Paap antwoordt hierop het volgende:

 

‘De reden, waarom deze novelle van Unamuno mij zoo mateloos geërgerd heeft, is juist dat geborneerde idee, dat er voor intellectueelen een speciaal, gereduceerd geloof zou bestaan. Het is zeker tragisch, dat het verstand - een der gaven van den Heiligen Geest! - iemand dermate in den weg kan staan, doch hierom behoeft men nog niet dadelijk in bewondering neer te zijgen voor diens weifelende, de waarheid ontloopende gedachtenwereld! Ik weet zeer wel, dat er iets aantrekkelijks ligt in de levensbeschouwing van Unamuno, vooral voor intellectueelen eenerzijds en sentimenteelen anderzijds. Doch de Paulinische zwakheid lijkt mij allerminst synoniem met de slapheid en het gebrek aan zelftucht van een Don Manuel. Eén woord neem ik uit mijn bespreking terug: het woord “sluw”. Het spijt mij, dat dit mij in mijn verontwaardiging uit de pen is gevloeid.
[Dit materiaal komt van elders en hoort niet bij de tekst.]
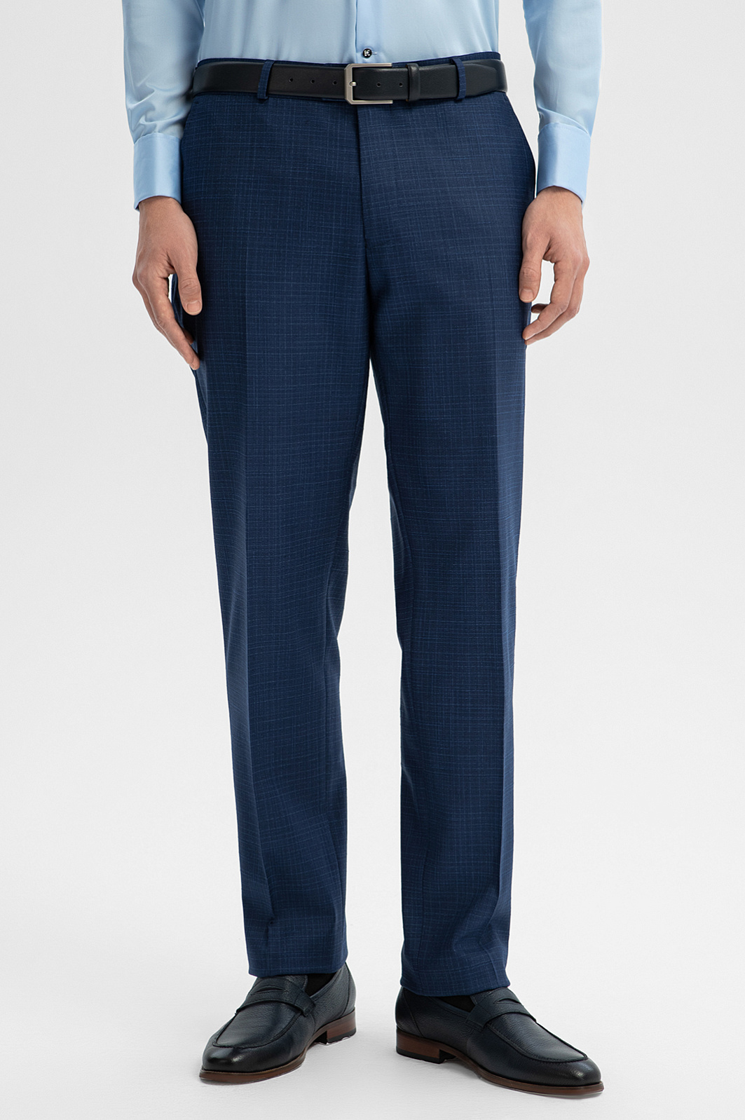 Брюки из шерсти и льна с водоотталкивающей обработкой, цвет синий, цена 14 990 руб., код 268969 - купить в Нижнем Новгороде в интернет-магазине KANZLER
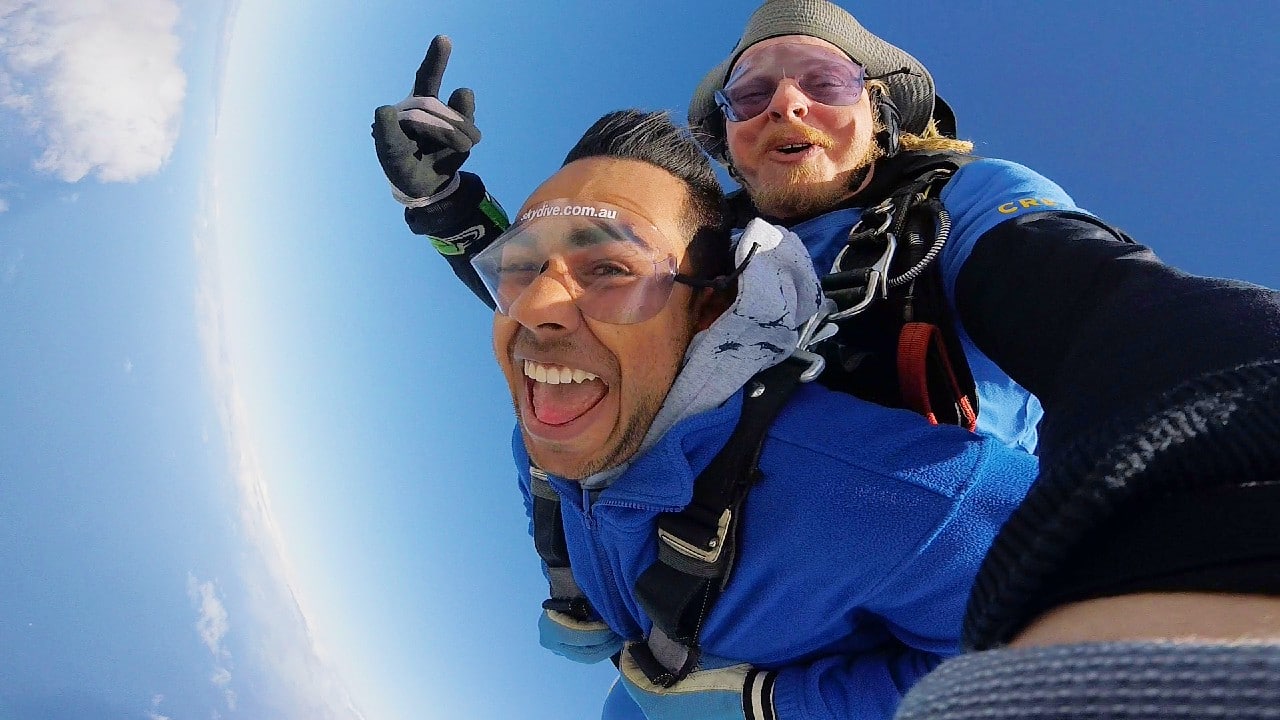 我与我的双人跳伞教练汤姆一起完成了人生中的第一次跳伞。这是我做过最令人胆战心惊、又最棒的事情!整个过程中我感到非常安全。眼前的景色美得令人难以置信。
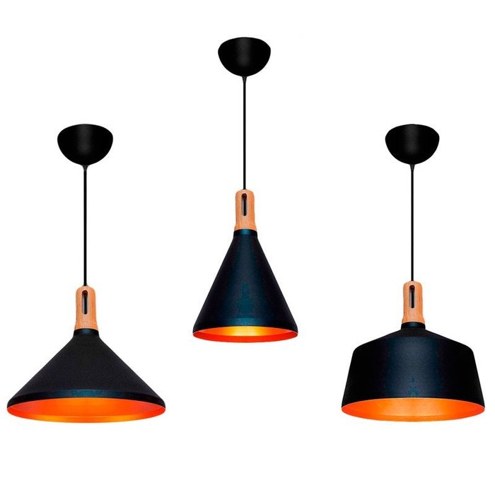 Kit 3 Pendentes Itamonte Aluminum com Madeira Preto e Cobre Preto Cobre
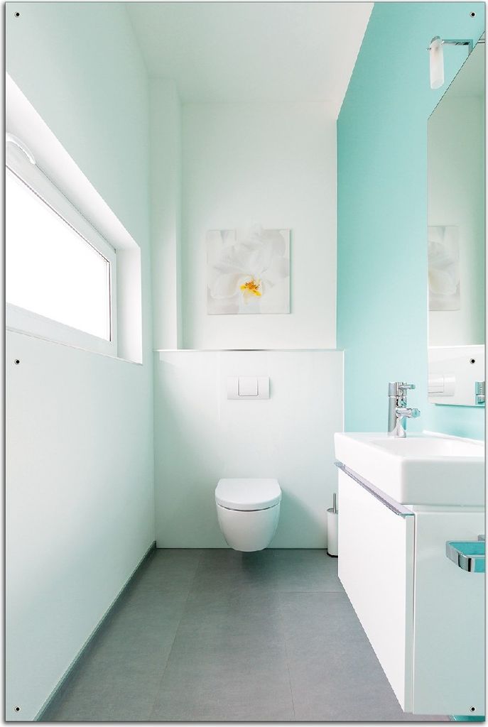 Wallario Outdoor-Poster für Garten oder Balkon, Motiv Badezimmer Gästetoilette Innenansicht - WC und Waschbecken, in ca. 120 x 180 cm
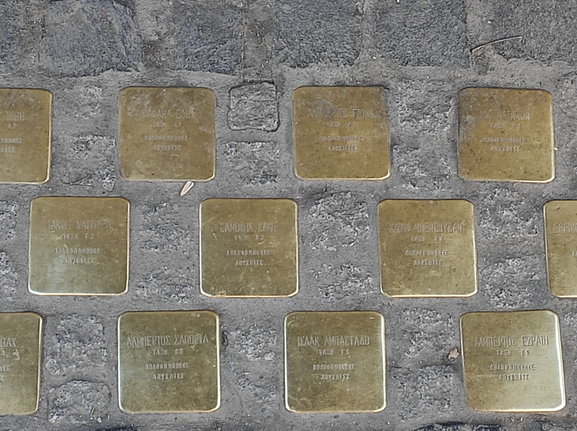 Όταν βρεθείτε στην είσοδο των δύο κτιρίων, στρέψτε το βλέμμα σας προς τα κάτω και παρατηρήστε τις μπρούτζινες πλάκες που έχουν τοποθετηθεί στο πεζοδρόμιο, ως φόρο τιμής σε εβραίους μαθητές του γυμνασίου που έχασαν την ζωή τους κατά τον Β’ παγκόσμιο πόλεμο.
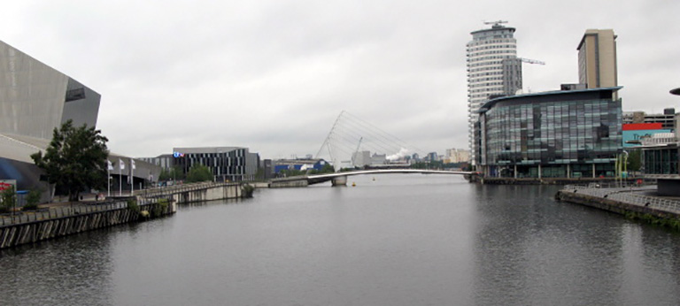 Built on the site of what was Manchester Docks, (most of which was actually in Salford) this is a really interesting place to visit, the area formed part of the Port of Manchester which began life back in 1894 until its closure in 1982, in its time it received cargo from all over the world which made their way up from Liverpool on the Manchester ship canal. During its peak in 1948 it was reported to be the countries third busiest port, the real decline began in the early seventies largely due to containerisation and the increasing size of the freight ships which could no longer navigate their way up the canal. In 1984 recognising the need to redevelop the area Salford City Council purchased the docks using a derelict land grant, proposing complete reclamation and development of the area for commercial residential and leisure us. |
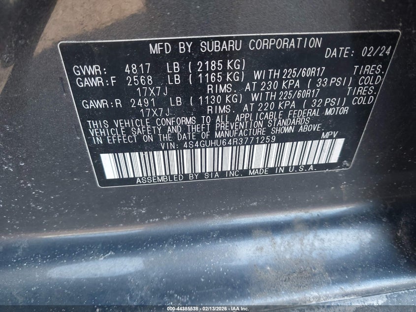 • 4S4GUHU64R3771259
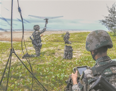 地面,敵后偵察組兵分多路,通過(guò)武裝泅渡、駕舟登陸等方式向目標(biāo)地域隱蔽滲透。同時(shí),破襲組根據(jù)無(wú)人機(jī)偵察獲取的信息,迅速占領(lǐng)有利陣位,對(duì)“敵”目標(biāo)進(jìn)行精準(zhǔn)打擊。
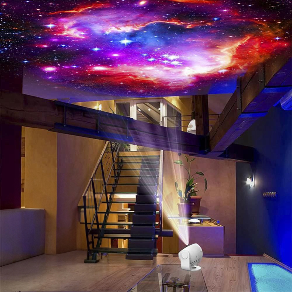 Проектор оснащен вращающейся головкой, которая медленно вращается вокруг своей оси, реалистично имитируя звездное небо, космос или планеты на вашем потолке!
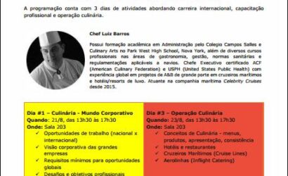 Entre os dias 21 e 23 de agosto, o Centro Universitário Senac Campus Campos do Jordão recebe o chefe internacional e executivo da SilverSea Cruzeiros, Luiz Barros, para o workshop de gastronomia em cruzeiro.A programação, que acontecerá das 13h 30 … Continua
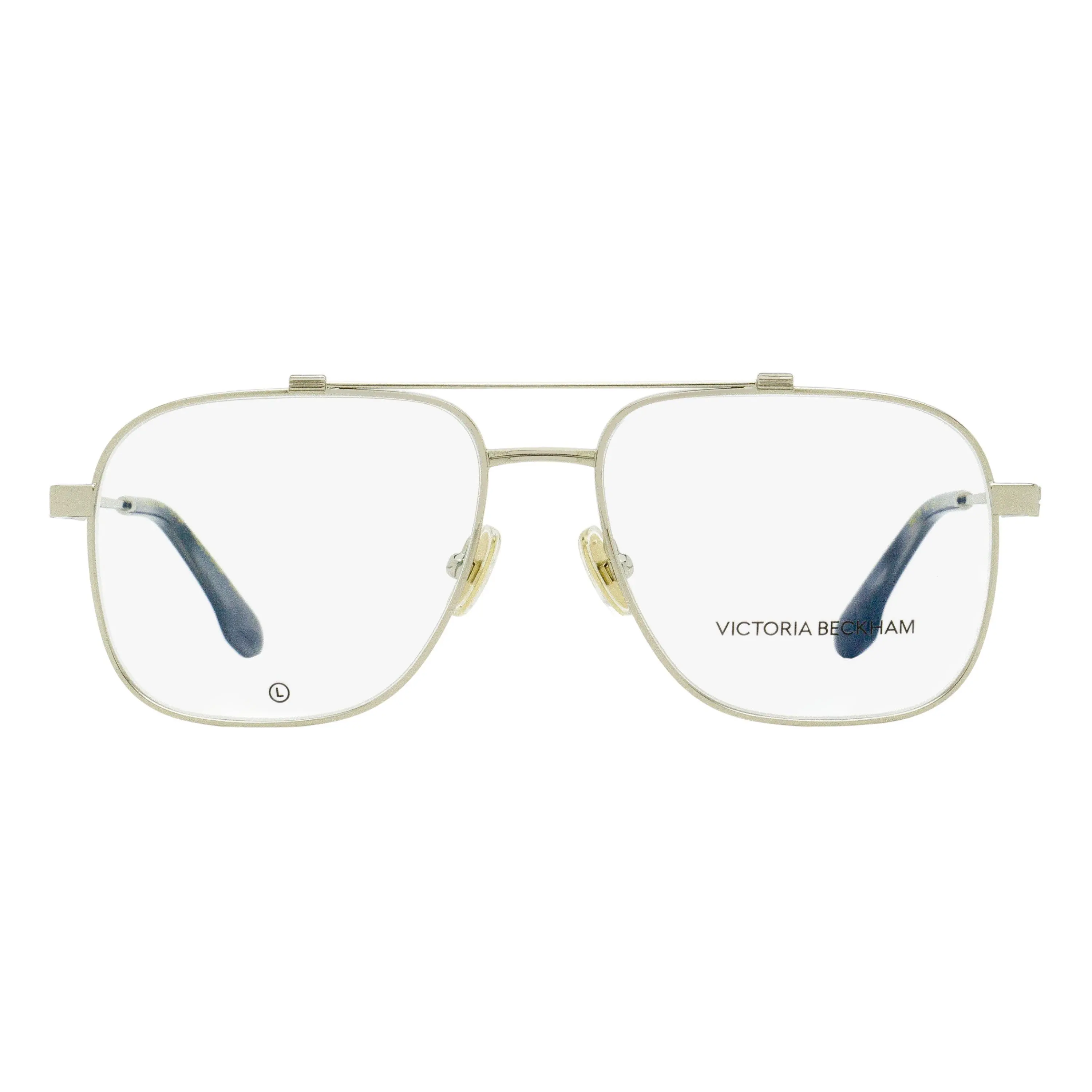 The Victoria Beckham 2138 optical frames feature a classic Navigator shape with a classic double bridge design for women. These frames feature metal construction, acetate temple tips and adjustable nose pads. Victoria Beckham launched her eponymous fashion brand in 2008 with its distinctive and modern style. Her eyewear collection expresses a smart and sophisticated attitude blending classic shapes with modern motifs. Please note these eyeglasses are provided with Demo Lenses in order to demonstrate the final appearance of your frames. Please visit your local Optometrist or Optician to replace with optical quality lenses.
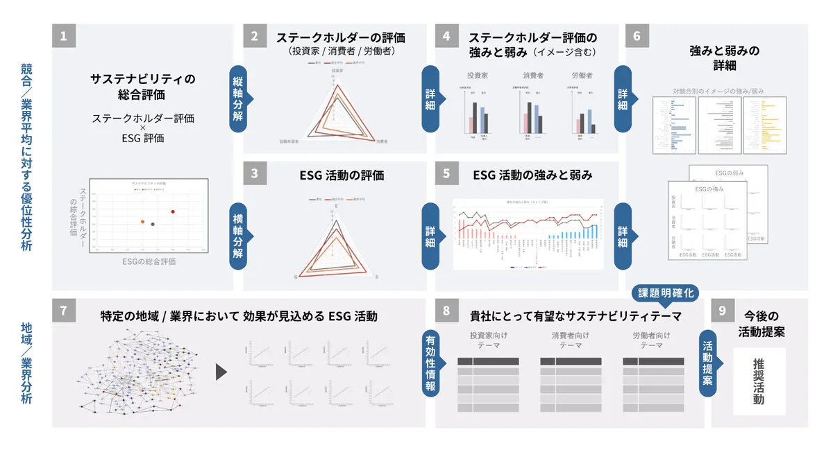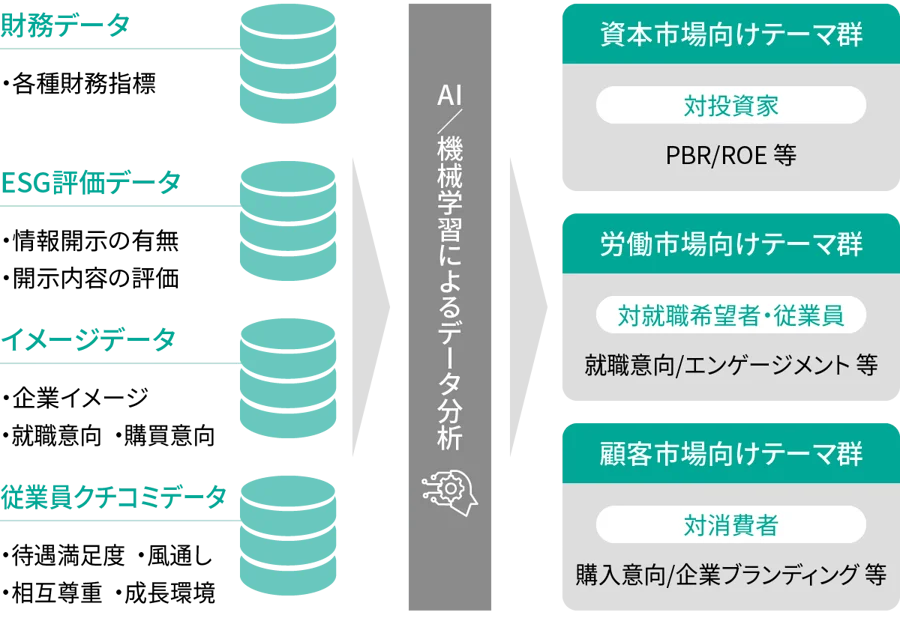 電通沖縄は、このギャップを埋めるために、dentsu Japanが提供する「非財務価値サーベイ」を導入。財務データ、ESG評価、企業イメージ、従業員クチコミなどのビッグデータを統合的に分析し、企業の非財務活動がどのステークホルダーに響いているか、競合と比べてどこに強みがあるか、今後注力すべきテーマは何かを明らかにします。
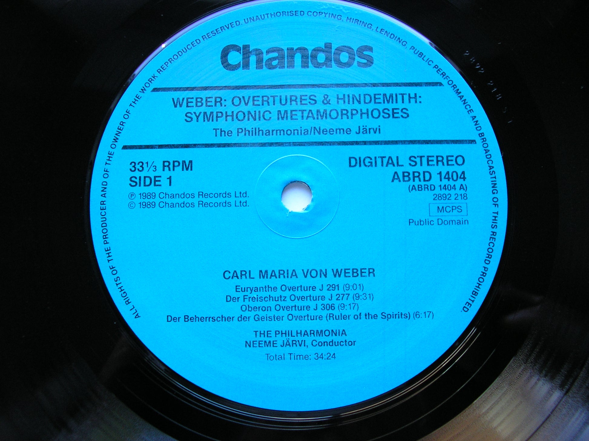 WEBER: OVERTURES / HINDEMITH: SYMPHONIC METAMORPHOSES JARVI / PHILHARMONIA ABRD 1404
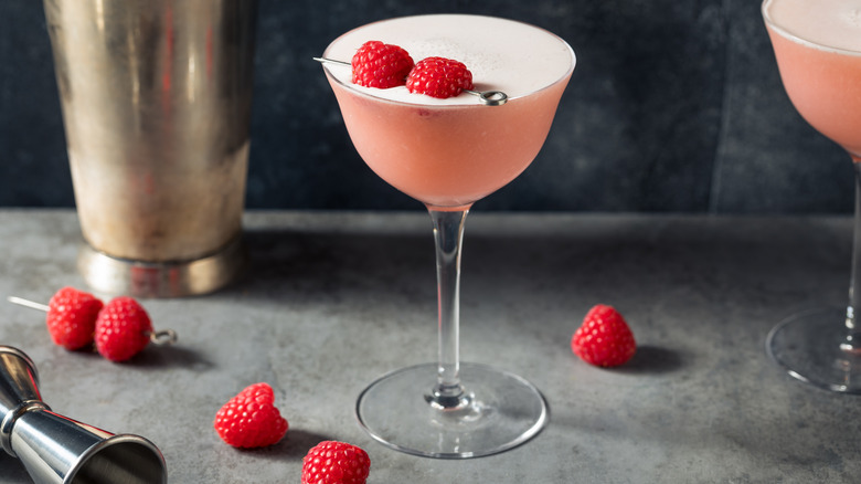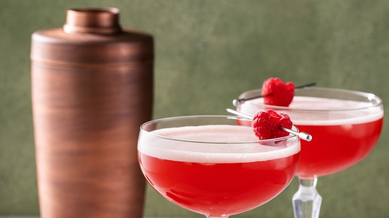 It's best to choose a dry gin when mixing this drink, or you can opt to use half gin and half dry vermouth. Also, don't worry about taking time to make a homemade raspberry simple syrup. For this recipe, you can cut corners and opt for a store-bought version without drastically affecting the drink's outcome. Just don't overlook the importance of adding fresh raspberries as a garnish. The sugary, sour bite of the fresh fruit really adds to the overall experience.
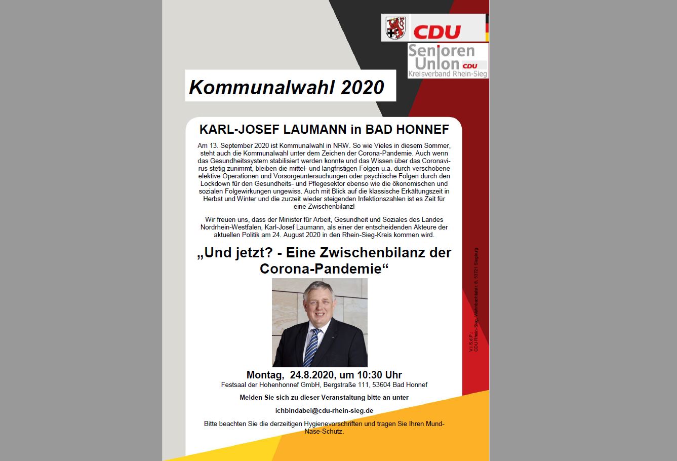 Wir freuen uns, dass der Minister für Arbeit, Gesundheit und Soziales des Landes Nordrhein-Westfalen, Karl-Josef Laumann, als einer der entscheidenden Akteure der aktuellen Politik am 24. August 2020 in den Rhein-Sieg-Kreis kommen wird.
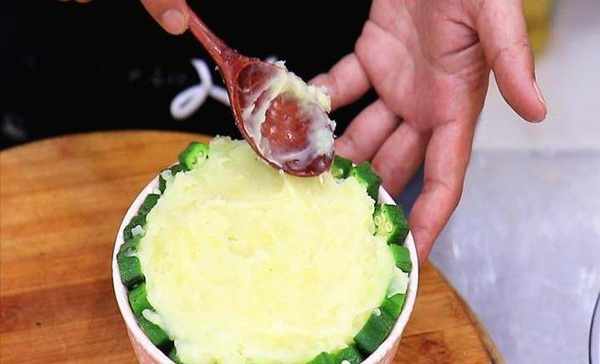 3.准备一个小碗,在里面刷一层植物油。把秋葵贴着碗边摆放,这个时候土豆也蒸熟了,用筷子轻轻一戳就碎,我们把土豆取出来,用勺子压成土豆泥。
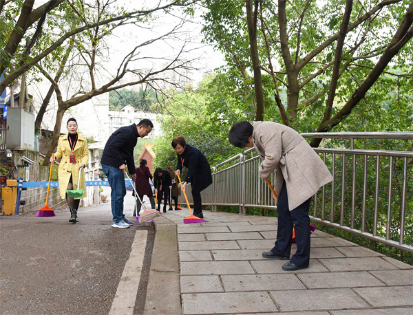 3月28日,綦江区古南街道百步梯社区,一群热心的志愿者正低头弯腰忙着手中的活,他们或是机关单位干部,或是企业老总,但此刻他们有一个共同的身份,那就是綦江区政协委员,正忙着发宣传资料、清扫地面、清理花台、擦拭玻璃……

Doch, dat Don Manuel's staat van geloof misleidend werkt op ieder, die met deze “objectiveering” in aanraking komt, blijf ik rustig volhouden, ook al zou de heer Rispens mij op grond daarvan willen uitsluiten uit het domein der “intellectueelen”. Het in acht nemen van een zekere restrictie bij de behandeling van religieuze problemen is iets gansch anders dan het te kort doen aan de waarheid en het miskennen der genade. Ik geef toe, dat mijn interpretatie van de novelle reeds doortrokken was van mijn afwijzend oordeel, maar bij een dusdanig geharrewar met de meest intrinsieke levenswaarden is mij de lust in de nuance vergaan.’

 

* * *

 

Het komt mij voor, dat de discussie tusschen de heeren Rispens en Paap een interessant voorbeeld te zien geeft van de tegenstelling tusschen twee soorten katholicisme, die ik Zondag in een artikel over Vondels persoonlijkheid nader toelichtte. De heer Rispens legt den nadruk op de ‘zelfbelijdenis’ (Pascall), de heer Paap daarentegen op de ‘waarheid’ (het Vondeliaansche gezag). Vandaar, dat de laatste niet in staat is het probleem van Unamuno anders te beschouwen dan als ‘warhoofdigheid’; want met de ‘waarheid’ gegeven door het kerkgezag is de ‘waarheid’ van Unamuno regelrecht in strijd, al is er eenige overeenkomst in beider ‘paedagogisch’ gebruik van de waarheid voor het publiek. Zoodat ik, den heer Rispens gelijk gevende, toch den heer Paap den besten katholiek zou willen noemen.